Data shown
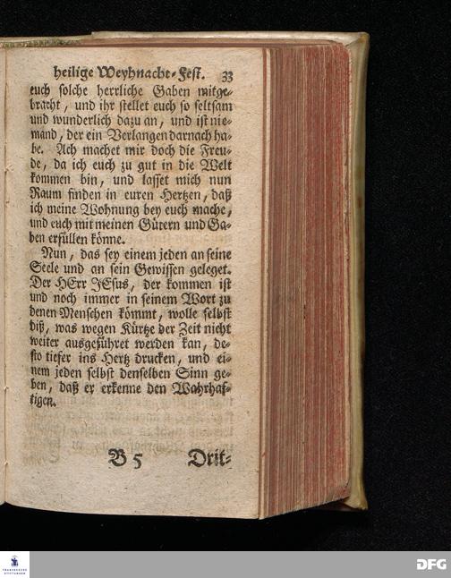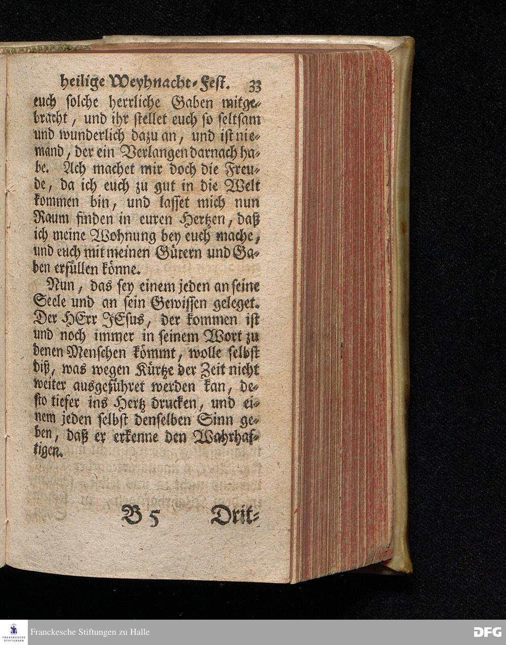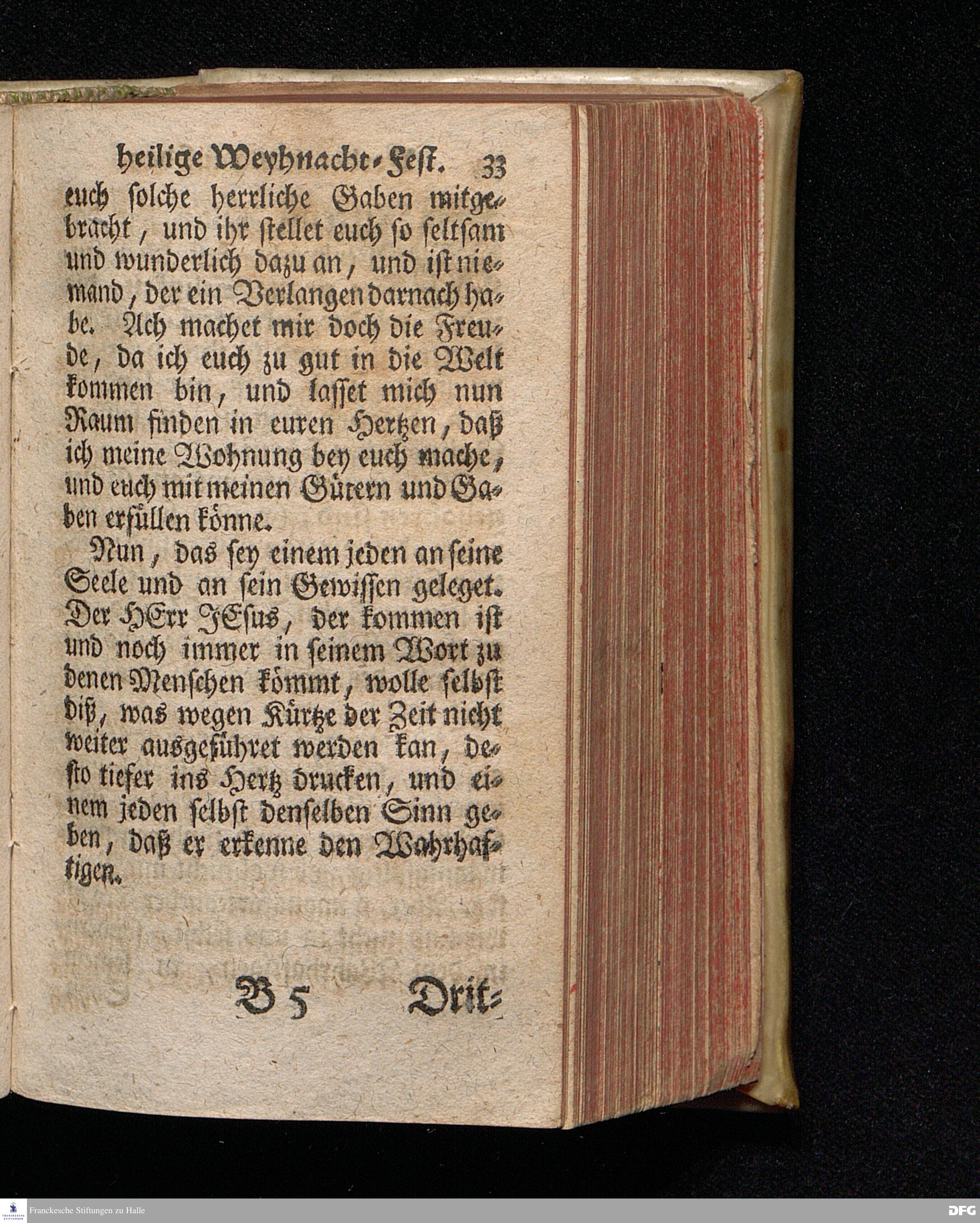 Vorbereitung auf das Weyhnacht=Fest / über die Worte 1 Joh.V, 20. [Bibelzitat;] den 22.Decembr. 1719. in Volckreicher Versammlung auf dem Wäysen=Hause zu Glaucha an Halle ertheilet von August Hermann Francken, S.Theol.Prof.Past. zu St.Ulrich, und des Gymnasii Scholarcha. Der Jugend in den Schulen des Wäysen=Hauses nach gehaltenem Examine ausgetheilet den 14.Decembr.1720. HALLE, gedr.im Wäysen=Hause. 1729.
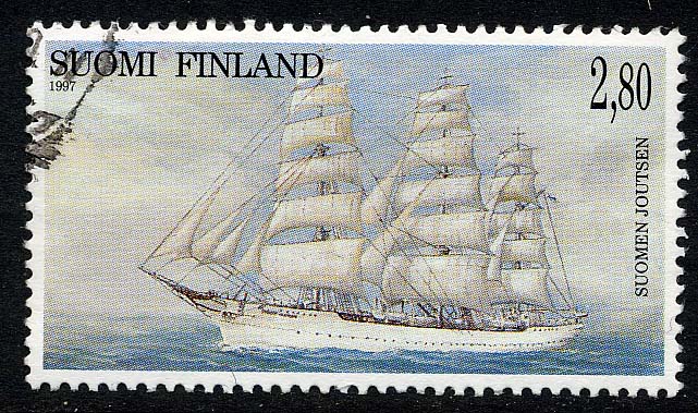 Finland is the first country to issue a commemorative stamp for the Tall Ship's Race 1972. The 50p stamp depicts the Finnish training-ship Suomen Joutsen (exOldenburg, ex-Laennec); the Finnish name means "Finnish Swan". She is a steel ship of 2,299 tons gross, 2,011 net, built by Chant. et Atel. de St. Nazaire, at St. Nazaire, and owned by Soc. Anon. des Armateurs Nantais. The Laennec became the German Oldenburg before coming under the-Finnish-flag. School-ships naturally have large crews, and thus some of the French-built ships with long poops and fo'c's'le heads (which attracted a higher government bounty, because it was paid on gross tonnage), were converted to sea training ships to good purpose.
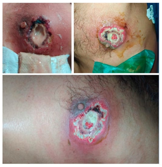 Lesion evolution at discharge, after antibiotic and negative pressure therapy.
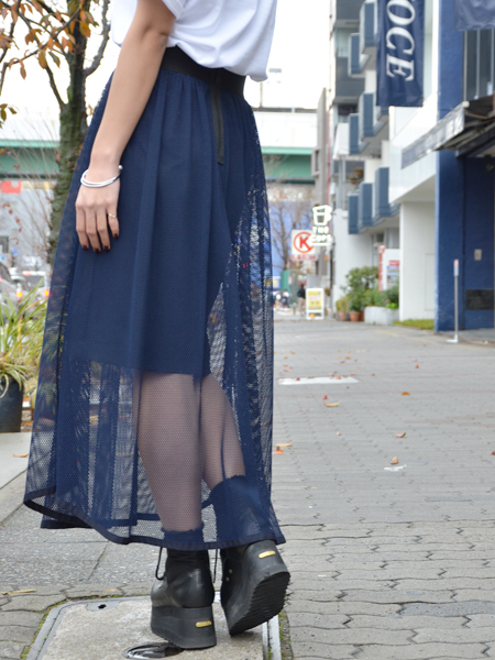 スカート自体はブラックですが、メッシュはネイビーなので重くなりすぎないところもお気に入りポイント^^
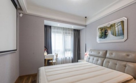 主臥室采用的是霧靄藍色調墻布,胡桃木色地板和皮質床頭,彰顯出臥室的時尚感。設計師打掉了主臥室原本的飄窗,增加了空間使用,透過窗簾到達室內的光線,讓房間通透感十足。
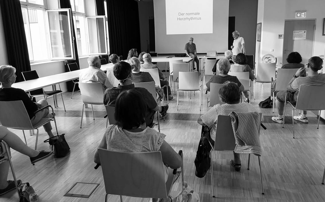 Am 19. Mai 2022 trug Dr. Norbert Röhrig im Gemeindesaal über Herzrhythmusstörungen vor (Fotos: HKV).
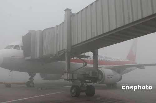 成都雙流國際機場12月16日再度遭受濃霧天氣襲擊,機場被迫關(guān)閉3個多小時,直接造成109個進出港航班延誤,其中出港74個,進港35個,并使18個出港航班被迫取消,導致近1萬名出港旅客受阻于機場,不能按時飛往目的地。雙流機場及時向全場發(fā)布了二級預警信號。中新社發(fā) 呂俊明 攝
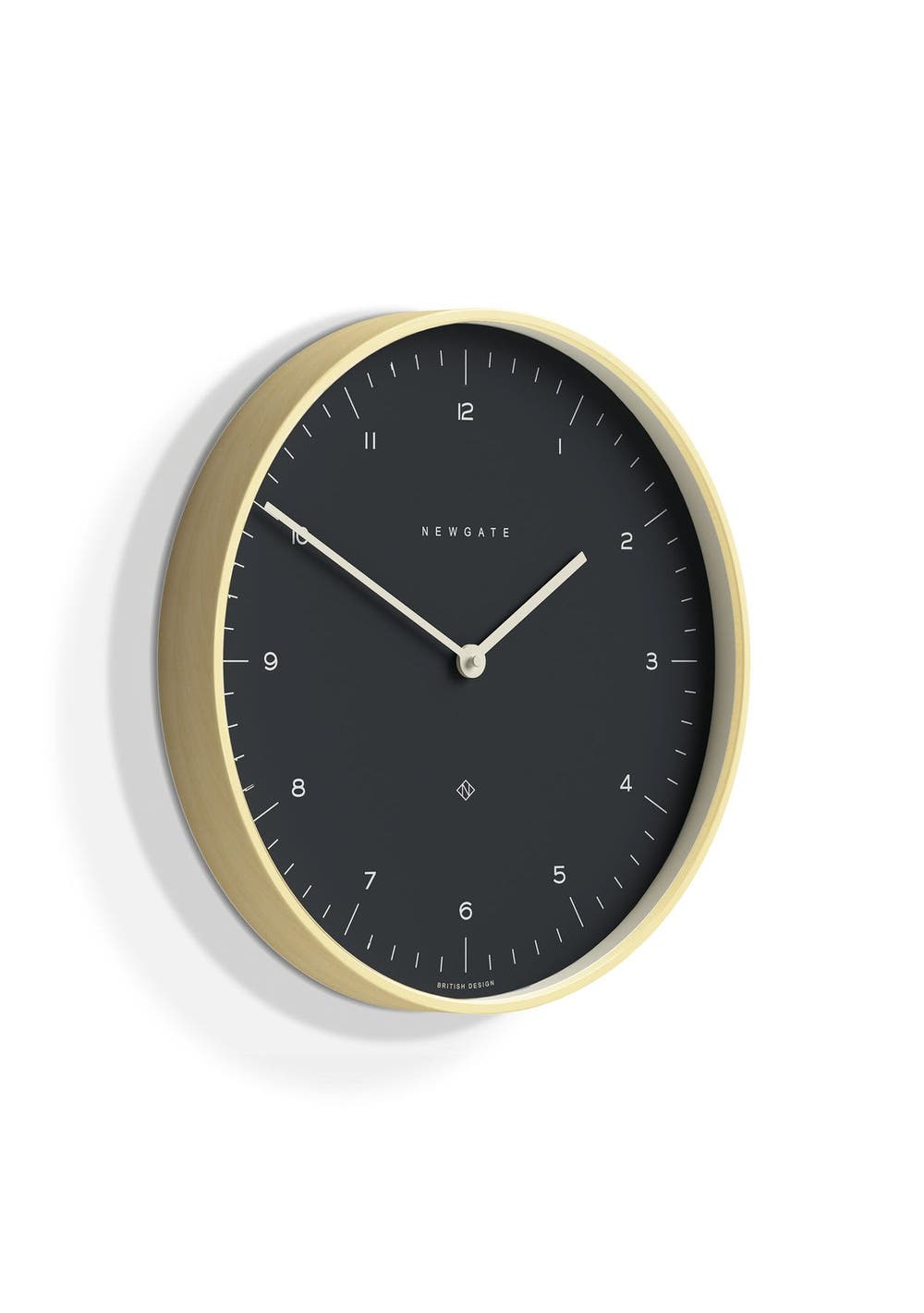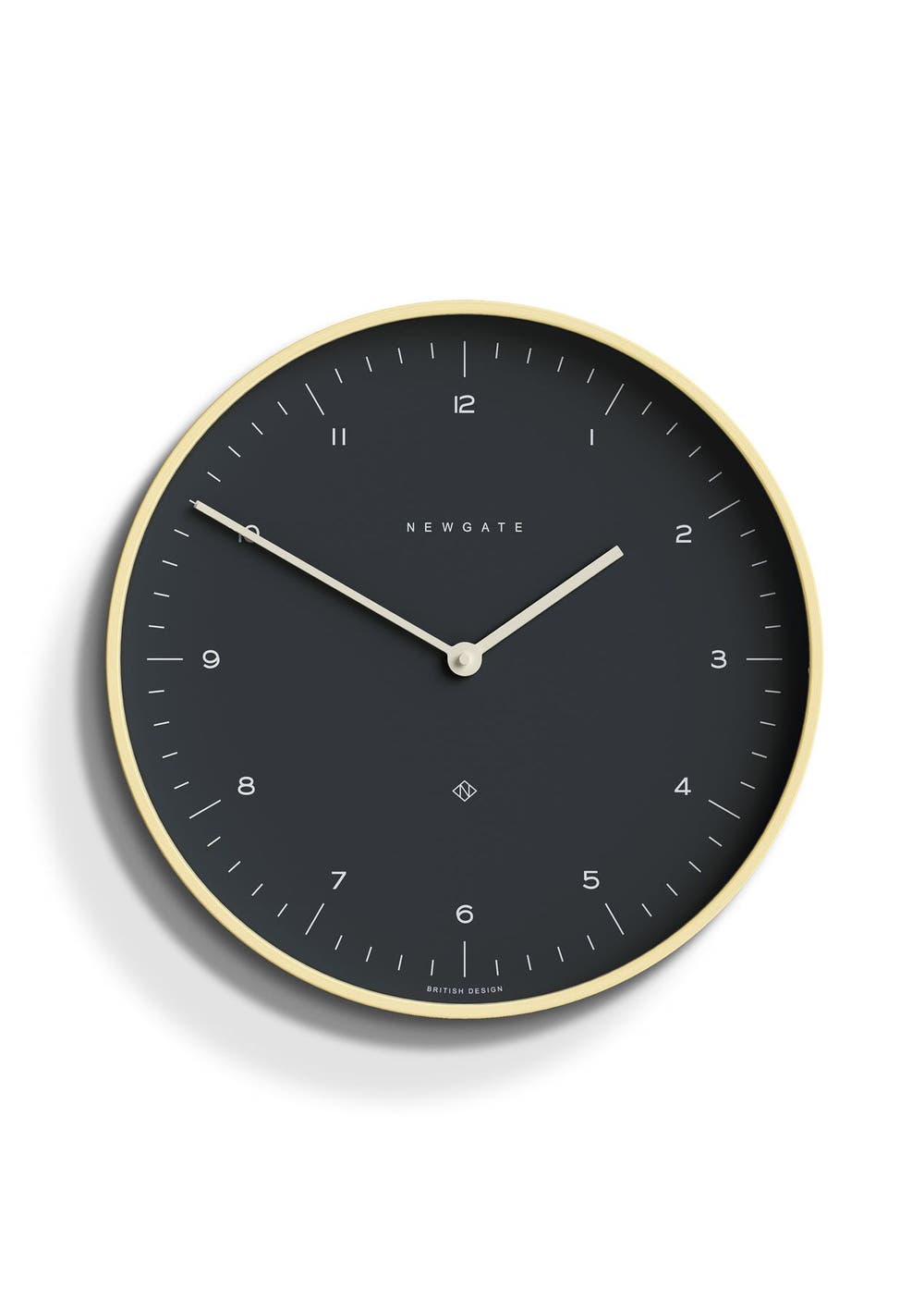 Newgate Mr Clarke Clock Pale Wood Oil Grey Dial A modern Scandinavian-inspired wall clock with a large plywood case and a contemporary dark ‚Oil Grey‚ dial with minimalist graphic numerals.Available in a range of muted colour-block options, the Mr Clarke wall clock collection creates a contemporary focal point in the kitchen, living room or office.Please note, this clock is made from real wood so there may be slight variations in the colour and grain as well as some natural wood knots, lines and joins. A faint tick can be heard in a totally silent environment such as a bedroom. - Size: HWD 41 x 41 x 4.5cm; 1.28kg- Materials: Pale plywood, metal, glass- Colour: Pale plywood w/ Oil Grey Dial- Movement: Quartz. This is a faint ticking clock.- Power: Requires 1 x high quality branded alkaline AA battery (not included)
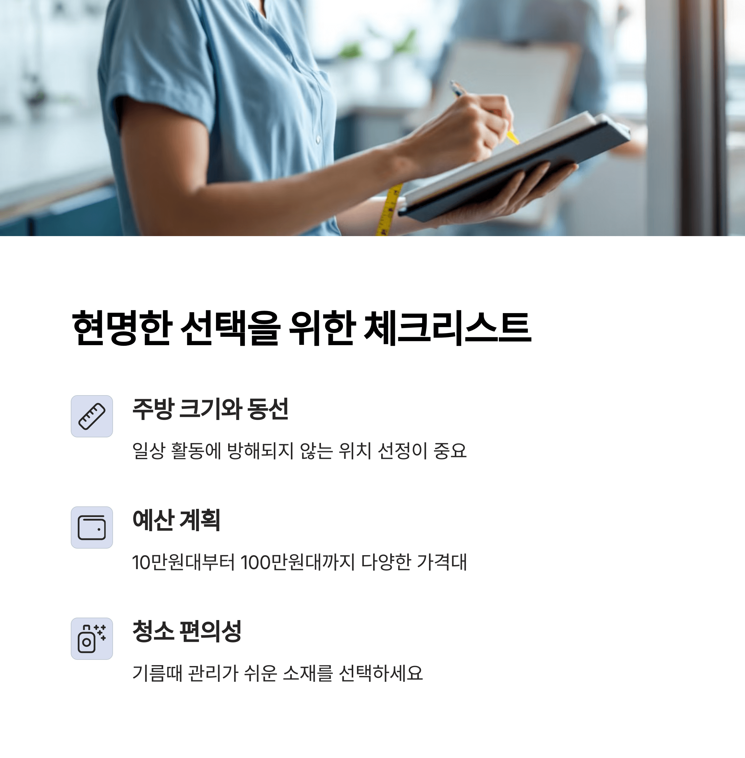 자신의 주방 크기와 라이프스타일을 먼저 고려한 후
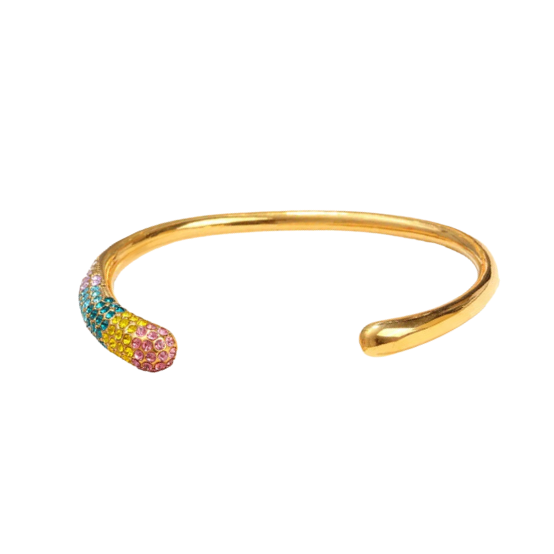 Elsie's multicoloured everyday bangle is a simple gold bangle featuring bright colourful gemstone accents on one side of the bangle. This piece is perfect to add a pop of colour to your bangle stack.
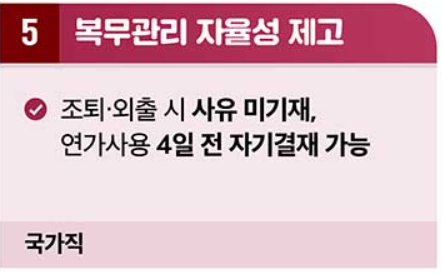 • 이외에도 복무관리 자율성 제고 및 불가피한 초과근무 시 대체휴무 사용 권고토록 했습니다.
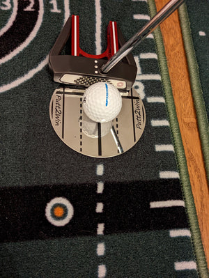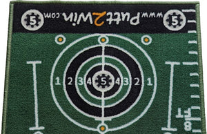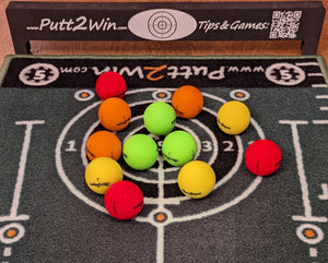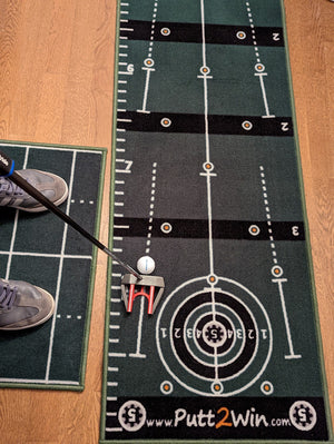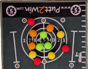 The Putt2Win mat is designed to be used in both directions up and down with various targets to aim for on the mat and at both ends. Small orange circles are printed in various locations on the mat which represent Tee Spots to Putt the ball from when practicing putting or playing the various putting games.
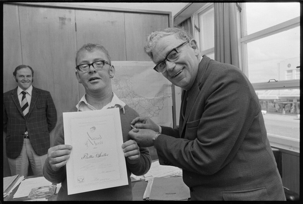 Date19 September 1974Reference Numberphoto gcc-25421DescriptionBill Sadler being presented with "Tidy Kiwi" badge and Certificate of Merit award by acting Mayor of Te Puke, F. McBeth. The award was made in recognition of Bill's efforts in keeping Jubilee Park tidy during the last four years. Published 19 September 1974.FormatNegativePhysical Description35mm black-and-white negative (2/3)Photographer/CreatorBay of Plenty Times
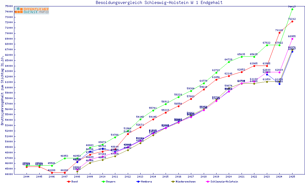 | Besoldungsvergleich W 1 im Jahr 2025 | gemitteltes Gehalt | ||||||
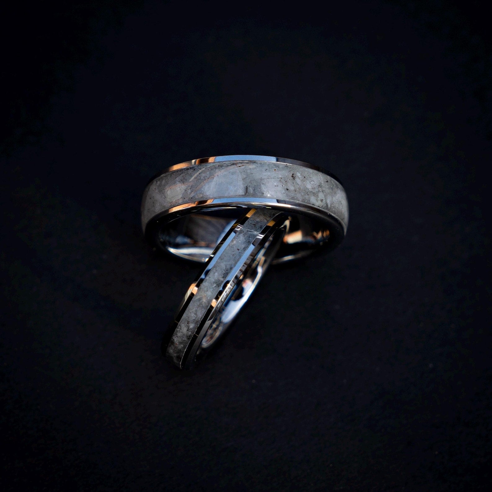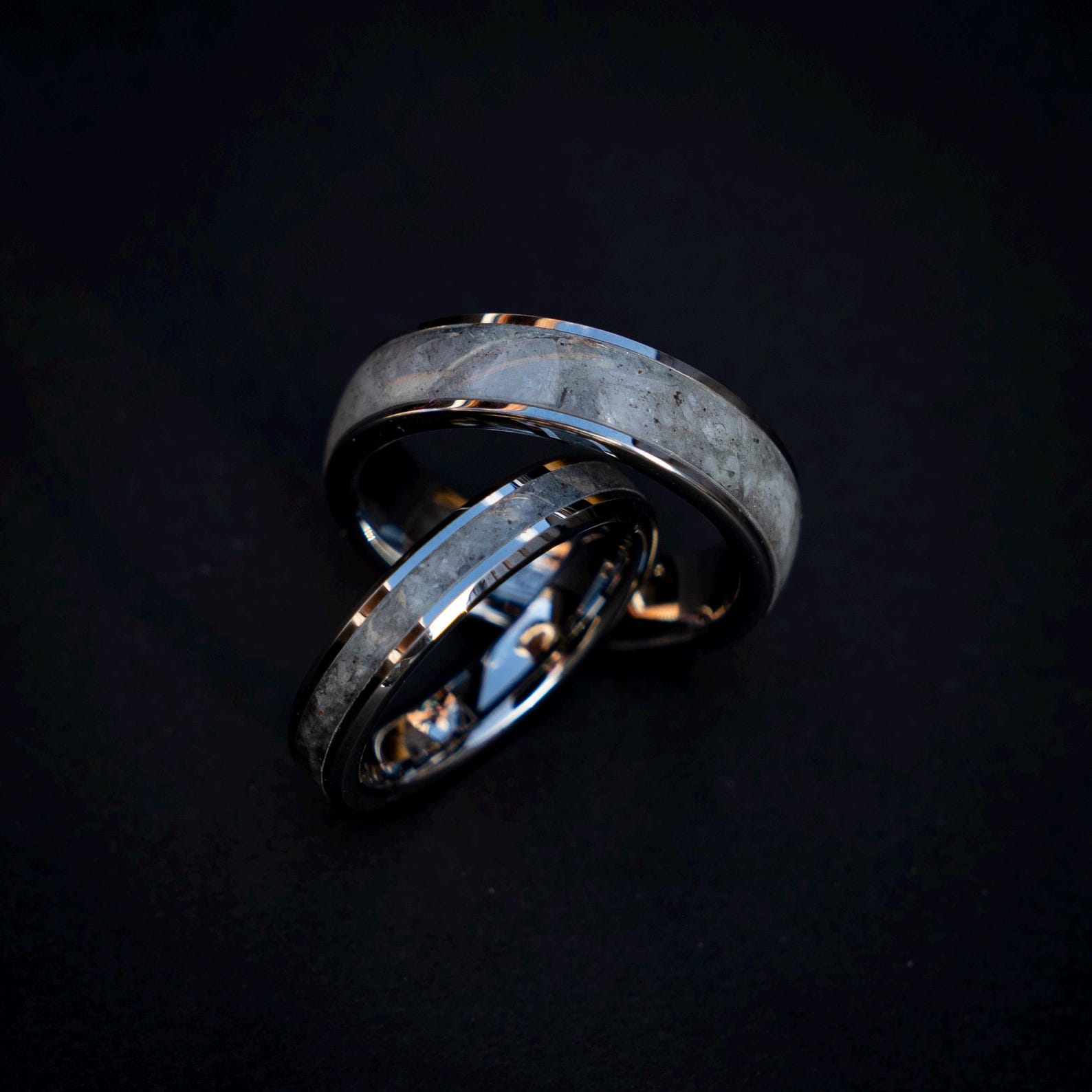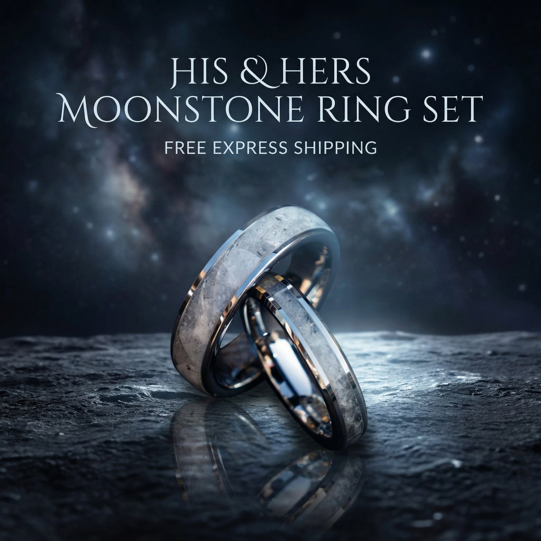 This silver tungsten ring set features a striking mix of rainbow moonstone and Muonionalusta meteorite for a bold and meaningful look. Made in matching 6 mm and 4 mm widths, both rings have a smooth comfort fit inside for comfortable everyday wear. A durable and unique choice for weddings, anniversaries, or couples who want something different.

What to work on
Everything from the line with "사용 권고토록 했습니다." through the last line of the listing should be retyped exactly, with both end lines kept and the pictures left out.

Answer to this task
 • 이외에도 복무관리 자율성 제고 및 불가피한 초과근무 시 대체휴무 사용 권고토록 했습니다.
 The Putt2Win mat is designed to be used in both directions up and down with various targets to aim for on the mat and at both ends. Small orange circles are printed in various locations on the mat which represent Tee Spots to Putt the ball from when practicing putting or playing the various putting games.
 Date19 September 1974Reference Numberphoto gcc-25421DescriptionBill Sadler being presented with "Tidy Kiwi" badge and Certificate of Merit award by acting Mayor of Te Puke, F. McBeth. The award was made in recognition of Bill's efforts in keeping Jubilee Park tidy during the last four years. Published 19 September 1974.FormatNegativePhysical Description35mm black-and-white negative (2/3)Photographer/CreatorBay of Plenty Times
 | Besoldungsvergleich W 1 im Jahr 2025 | gemitteltes Gehalt | ||||||
 This silver tungsten ring set features a striking mix of rainbow moonstone and Muonionalusta meteorite for a bold and meaningful look. Made in matching 6 mm and 4 mm widths, both rings have a smooth comfort fit inside for comfortable everyday wear. A durable and unique choice for weddings, anniversaries, or couples who want something different.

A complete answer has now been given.